🤖 AI Summary
Evaluating the representational capacity and cross-domain stability of chest X-ray (CXR) foundation models remains challenging due to inconsistent benchmarks and methodologies.
Method: We conduct a systematic, reproducible comparison of CXR-Foundation (ELIXR v2.0) and MedImageInsight on MIMIC-CXR and NIH ChestX-ray14, using standardized preprocessing, a fixed LightGBM classifier, and unified evaluation metrics—AUROC and F1-score (95% CI)—alongside unsupervised clustering to assess disease semantic structure.

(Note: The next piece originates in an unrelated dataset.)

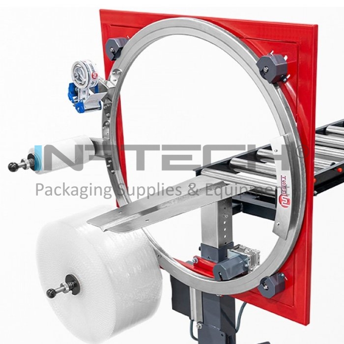 Dispenser Pentru Folie compatibil cu Masinile De Ambalat Colete, utilizat pentru infolierea cutiilor din carton. Dispenserul este fabricat din metal si ofera o rezistenta ridicata. Acest dispenser din metal pentru folia stretch ajuta la pozitionarea, aplicarea rapida si intinderea uniforma a foliei stretch pe palet.
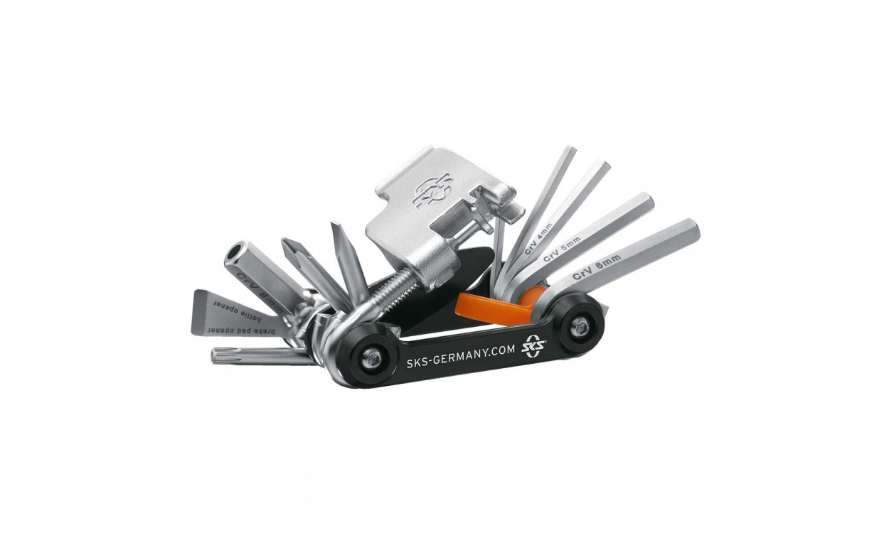 Компактный полностью металлический мини-инструмент - это прекрасный аксессуар для любого велосипедиста. Благодаря своим небольшим размерам он поместится в кармане веломайки и в любой подседельной сумке. Комплект из 18 инструментов поможет справиться почти с любой проблемой. Интегрированное отделение для пина цепи – это лишь одно из многих достоинств этого компактного набора инструментов.

Contribution/Results: MedImageInsight achieves marginally higher performance on single-dataset tasks, whereas CXR-Foundation demonstrates superior cross-dataset generalization stability. Clustering results strongly align with quantitative metrics, confirming its consistent anatomical-pathological representation learning. This work establishes the first reproducible,横向 benchmark for CXR foundation models, providing a rigorous methodological framework and reliable baseline for multimodal clinical model integration and evaluation.
📝 Abstract
Recent foundation models have demonstrated strong performance in medical image representation learning, yet their comparative behaviour across datasets remains underexplored. This work benchmarks two large-scale chest X-ray (CXR) embedding models (CXR-Foundation (ELIXR v2.0) and MedImagelnsight) on public MIMIC-CR and NIH ChestX-ray14 datasets. Each model was evaluated using a unified preprocessing pipeline and fixed downstream classifiers to ensure reproducible comparison. We extracted embeddings directly from pre-trained encoders, trained lightweight LightGBM classifiers on multiple disease labels, and reported mean AUROC, and F1-score with 95% confidence intervals. MedImageInsight achieved slightly higher performance across most tasks, while CXR-Foundation exhibited strong cross-dataset stability. Unsupervised clustering of MedImageIn-sight embeddings further revealed a coherent disease-specific structure consistent with quantitative results. The results highlight the need for standardised evaluation of medical foundation models and establish reproducible baselines for future multimodal and clinical integration studies.